(Supplied records):
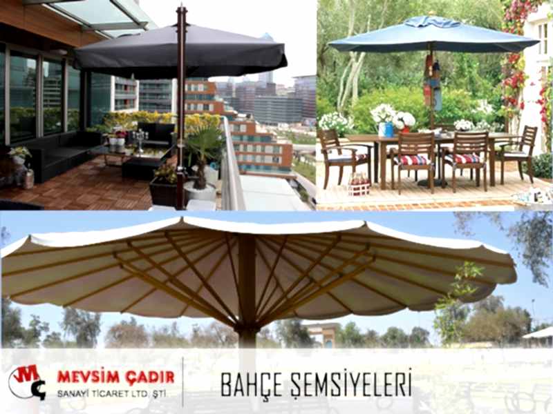 Mevsim Çadır olarak, yerli ve ithal kumaş seçenekleri ile birbirinden renkli bahçe şemsiyeleri üretmekteyiz. Üretmiş olduğumuz bahçe şemsiyeleri, sizleri güneşin zararlı etkilerinden koruyacağı gibi, bulunduğunuz mekanın dekorasyonunu da değiştirecek ve güzelleştirecektir.
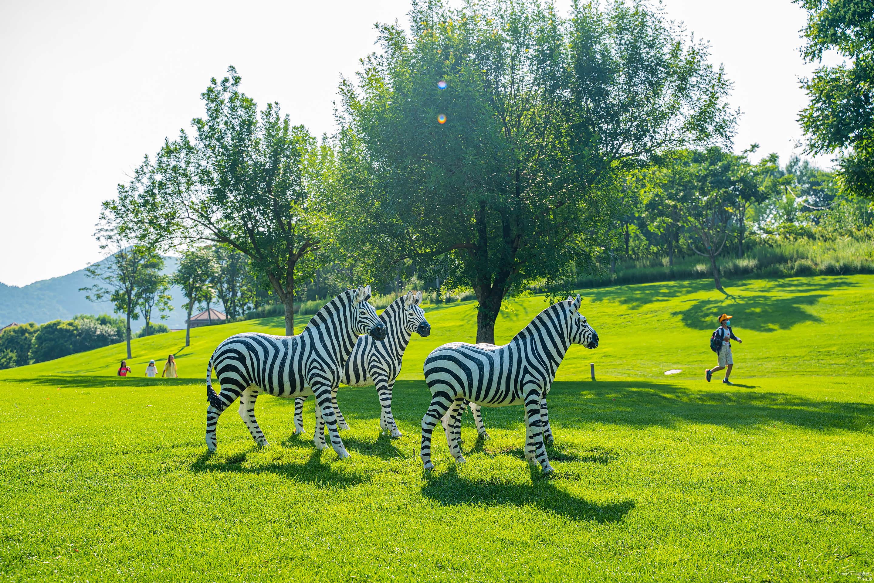 岛上还有别墅区域,车辆也不能行驶,属于比较隐私的区域,这里的草坪维护的很好,还有一些动物雕塑可以活跃气氛。可以见到天鹅、斑马、熊猫这些动物雕塑。
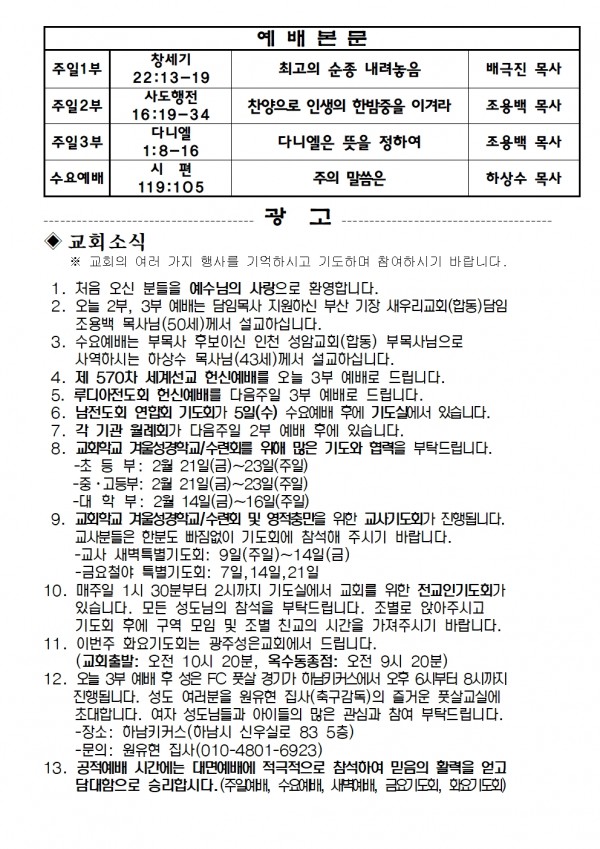 2025년 2월 2일 예배본문 & 교회소식 페이지 정보 작성자 성은교회 작성일25-01-31 15:42 조회3,370회 관련링크 이전글 다음글 목록 본문 2025년 2월 2일 예배본문 & 교회소식 이전글 다음글 목록
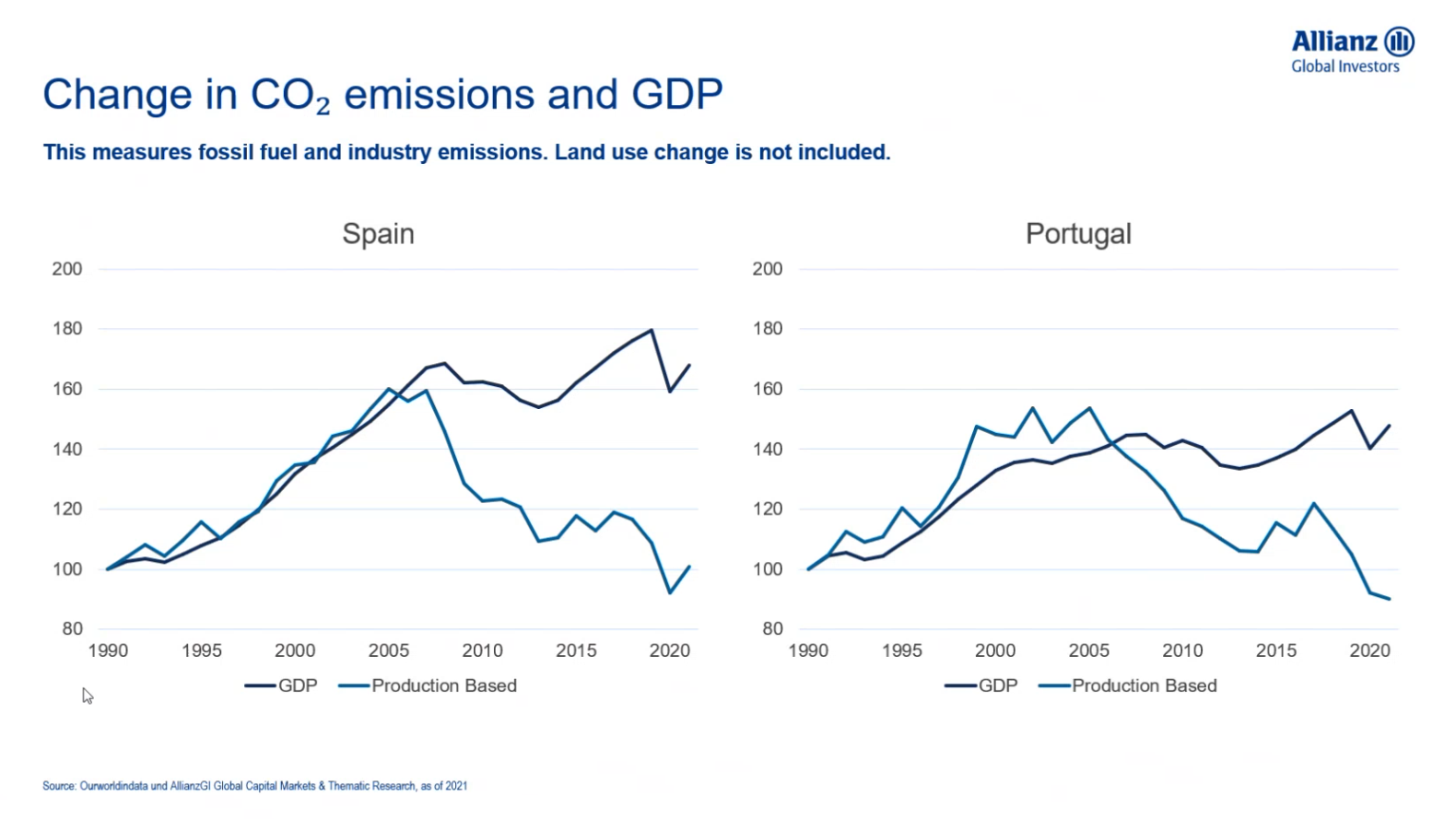 De igual manera, "en el caso de España y de Portugal, los datos muestran una historia similar. Desde 1990 hasta el presente, España ha visto cómo su economía crece aproximadamente un 70%, mientras que Portugal ha avanzado alrededor de un 50%. Pues bien, en ambos casos se aprecia un descenso de las emisiones de CO2. Para España, el desacople comienza en torno a 2005 y ha hecho que las emisiones observadas en la actualidad sean similares a las de 1990. Para Portugal, el calendario es muy similar y los resultados arrojan una caída incluso más pronunciada de las emisiones de CO2".
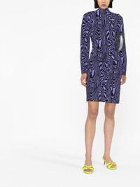 graphic-pattern knitted mini skirt A groovy graphic pattern defines this Moschino skirt, elevated by the vibrant shade of electric blue. It lends the top the bold aesthetic that is associated with the Italian brand. Made in Italy Composition Viscose 88%, Spandex/Elastane 12% SIZE & FIT Model measurements Height 5 ft 10 in(1.78 m) Bust/Chest 29.92 in(76 cm) Hips 34.64 in(88 cm) Waist 23.62 in(60 cm) FittingInformation This piece fits true to size. We recommend you get your regular size Cut for a slim fit Made with a mid-weight stretch fabric Washing instructions Dry Clean Only

(Exercise brief): Could you write the entries out again exactly, without their pictures?

(Solution for this exercise):
 Mevsim Çadır olarak, yerli ve ithal kumaş seçenekleri ile birbirinden renkli bahçe şemsiyeleri üretmekteyiz. Üretmiş olduğumuz bahçe şemsiyeleri, sizleri güneşin zararlı etkilerinden koruyacağı gibi, bulunduğunuz mekanın dekorasyonunu da değiştirecek ve güzelleştirecektir.
 岛上还有别墅区域,车辆也不能行驶,属于比较隐私的区域,这里的草坪维护的很好,还有一些动物雕塑可以活跃气氛。可以见到天鹅、斑马、熊猫这些动物雕塑。
 2025년 2월 2일 예배본문 & 교회소식 페이지 정보 작성자 성은교회 작성일25-01-31 15:42 조회3,370회 관련링크 이전글 다음글 목록 본문 2025년 2월 2일 예배본문 & 교회소식 이전글 다음글 목록
 De igual manera, "en el caso de España y de Portugal, los datos muestran una historia similar. Desde 1990 hasta el presente, España ha visto cómo su economía crece aproximadamente un 70%, mientras que Portugal ha avanzado alrededor de un 50%. Pues bien, en ambos casos se aprecia un descenso de las emisiones de CO2. Para España, el desacople comienza en torno a 2005 y ha hecho que las emisiones observadas en la actualidad sean similares a las de 1990. Para Portugal, el calendario es muy similar y los resultados arrojan una caída incluso más pronunciada de las emisiones de CO2".
 graphic-pattern knitted mini skirt A groovy graphic pattern defines this Moschino skirt, elevated by the vibrant shade of electric blue. It lends the top the bold aesthetic that is associated with the Italian brand. Made in Italy Composition Viscose 88%, Spandex/Elastane 12% SIZE & FIT Model measurements Height 5 ft 10 in(1.78 m) Bust/Chest 29.92 in(76 cm) Hips 34.64 in(88 cm) Waist 23.62 in(60 cm) FittingInformation This piece fits true to size. We recommend you get your regular size Cut for a slim fit Made with a mid-weight stretch fabric Washing instructions Dry Clean Only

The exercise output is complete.